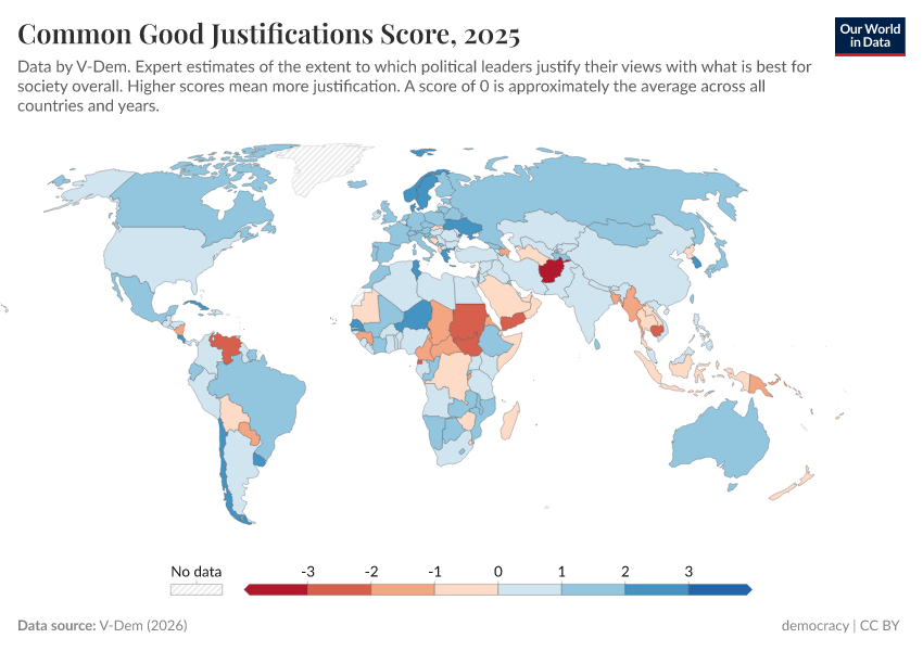 “Data Page: Common good justifications”, part of the following publication: Bastian Herre, Lucas Rodés-Guirao, and Esteban Ortiz-Ospina (2013) - “Democracy”. Data adapted from V-Dem. Retrieved from https://remove-datapage-tags.owid.pages.dev/grapher/common-good-justifications-score [online resource]How to cite this data
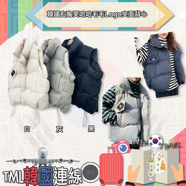 韓國🇰🇷高質品牌BF 右胸笑哈哈毛毛Logo夾棉背心【現貨 | 預計2-3星期派貨 | 20251212Z(11752.)】
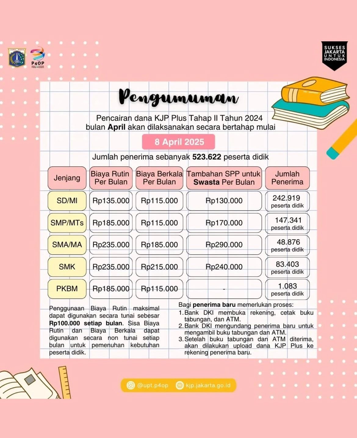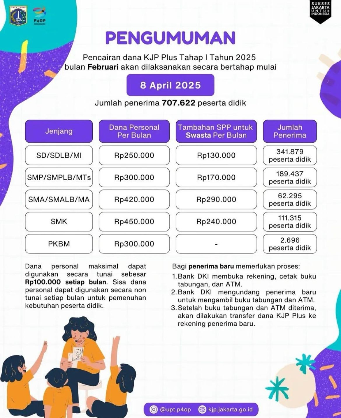 Informasi lengkap terkait besaran dana KJP yang diterima dapat dilihat di gambar di bawah ini:
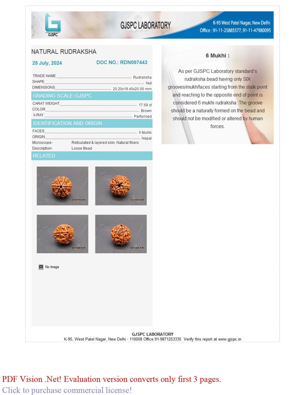 Buy 100% original and lab-certified with Xray report 6 Mukhi / 6 Faces Rudraksha (20.20 mm) online at the best price from trusted Brahma Gems. All 6 Mukhi Rudraksha are 100% genuine from Nepal origin.
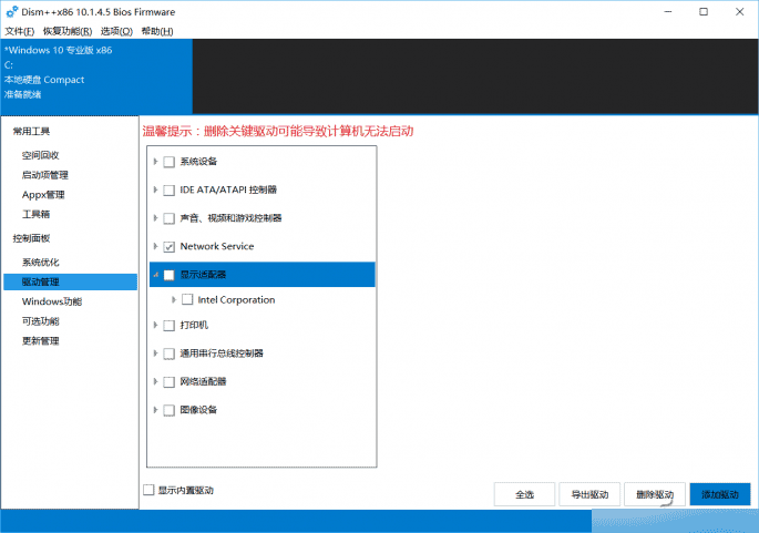 除了上述组件外,Windows 10内还有其他需要精简的组件如冗余注册表键值、过期驱动、WinSXS临时文件等,对于这些内容的清理可以借助专业工具如Dism++完成。启动Dism++后切换到相应的功能组件进行精简即可,如切换到“驱动管理”,在你需要删除的驱动上打勾,再点击移除驱动即可。
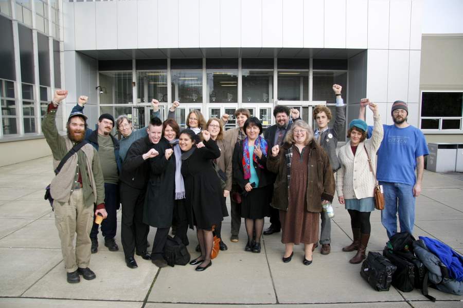 March 2nd 2009 turned out to be a very important date in the history of civil resistance in the Northwest. An anarchist “popular assembly” meeting (Meeting One) was scheduled to begin at the First Christian Church that night, from 6PM until 8PM. TESC Vice President for Diversity Affairs, Gallegos, attended the opening remarks and then left after he collected the newly published Olympia Copwatch profiles of several OPD officers, from a table at the event. TESC professor Joe Tougas attended the rest of the session, joining the “radical accountability break out group” – which was headed by PMR participant and TESC SDS member Brooke Stepp. When I later sent an email message to the subcommittee raising concerns about TESC professors taking part in radical accountability processes in Olympia, I was apparently cut out of further organizing and saw no more emails from that subcommittee.
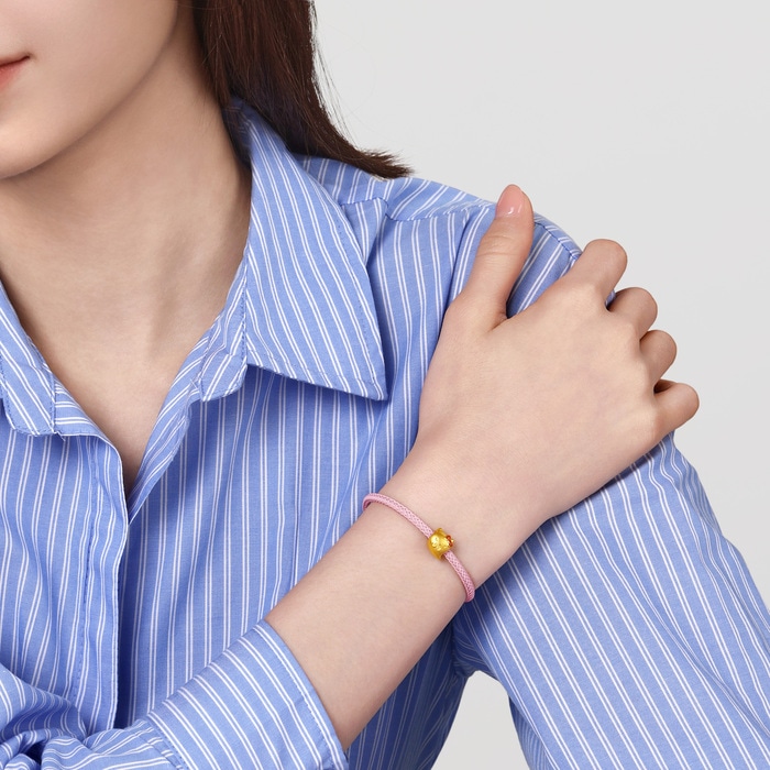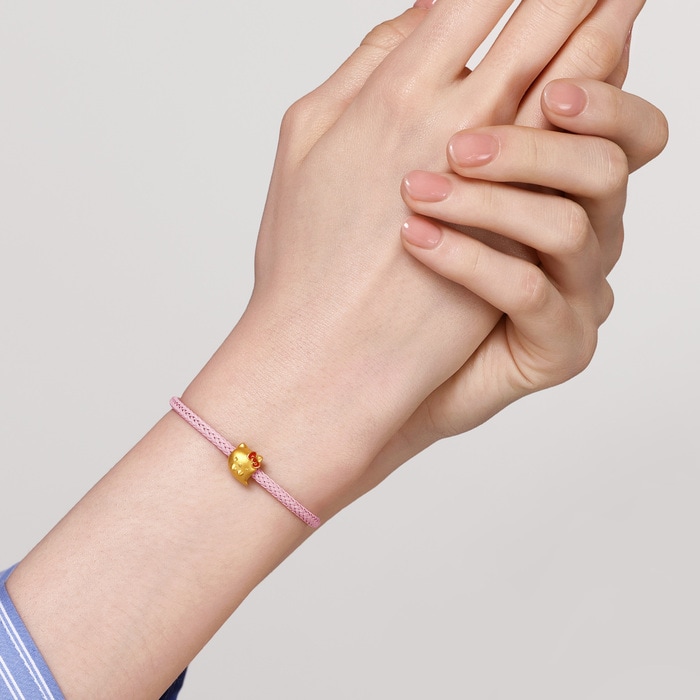 足金串珠以Monster主題的Hello Kitty為設計元素,特別採用彩繪塗層工藝,於黃金表面呈現繽紛色彩,營造維肖維妙的迷你鬼造型,形象活潑生動,趣怪可愛同時又玩味十足。

+ + +

An exact reproduction of the material is needed, without its images.

#### The completed task
 “Data Page: Common good justifications”, part of the following publication: Bastian Herre, Lucas Rodés-Guirao, and Esteban Ortiz-Ospina (2013) - “Democracy”. Data adapted from V-Dem. Retrieved from https://remove-datapage-tags.owid.pages.dev/grapher/common-good-justifications-score [online resource]How to cite this data
 韓國🇰🇷高質品牌BF 右胸笑哈哈毛毛Logo夾棉背心【現貨 | 預計2-3星期派貨 | 20251212Z(11752.)】
 Informasi lengkap terkait besaran dana KJP yang diterima dapat dilihat di gambar di bawah ini:
 Buy 100% original and lab-certified with Xray report 6 Mukhi / 6 Faces Rudraksha (20.20 mm) online at the best price from trusted Brahma Gems. All 6 Mukhi Rudraksha are 100% genuine from Nepal origin.
 除了上述组件外,Windows 10内还有其他需要精简的组件如冗余注册表键值、过期驱动、WinSXS临时文件等,对于这些内容的清理可以借助专业工具如Dism++完成。启动Dism++后切换到相应的功能组件进行精简即可,如切换到“驱动管理”,在你需要删除的驱动上打勾,再点击移除驱动即可。
 March 2nd 2009 turned out to be a very important date in the history of civil resistance in the Northwest. An anarchist “popular assembly” meeting (Meeting One) was scheduled to begin at the First Christian Church that night, from 6PM until 8PM. TESC Vice President for Diversity Affairs, Gallegos, attended the opening remarks and then left after he collected the newly published Olympia Copwatch profiles of several OPD officers, from a table at the event. TESC professor Joe Tougas attended the rest of the session, joining the “radical accountability break out group” – which was headed by PMR participant and TESC SDS member Brooke Stepp. When I later sent an email message to the subcommittee raising concerns about TESC professors taking part in radical accountability processes in Olympia, I was apparently cut out of further organizing and saw no more emails from that subcommittee.
 足金串珠以Monster主題的Hello Kitty為設計元素,特別採用彩繪塗層工藝,於黃金表面呈現繽紛色彩,營造維肖維妙的迷你鬼造型,形象活潑生動,趣怪可愛同時又玩味十足。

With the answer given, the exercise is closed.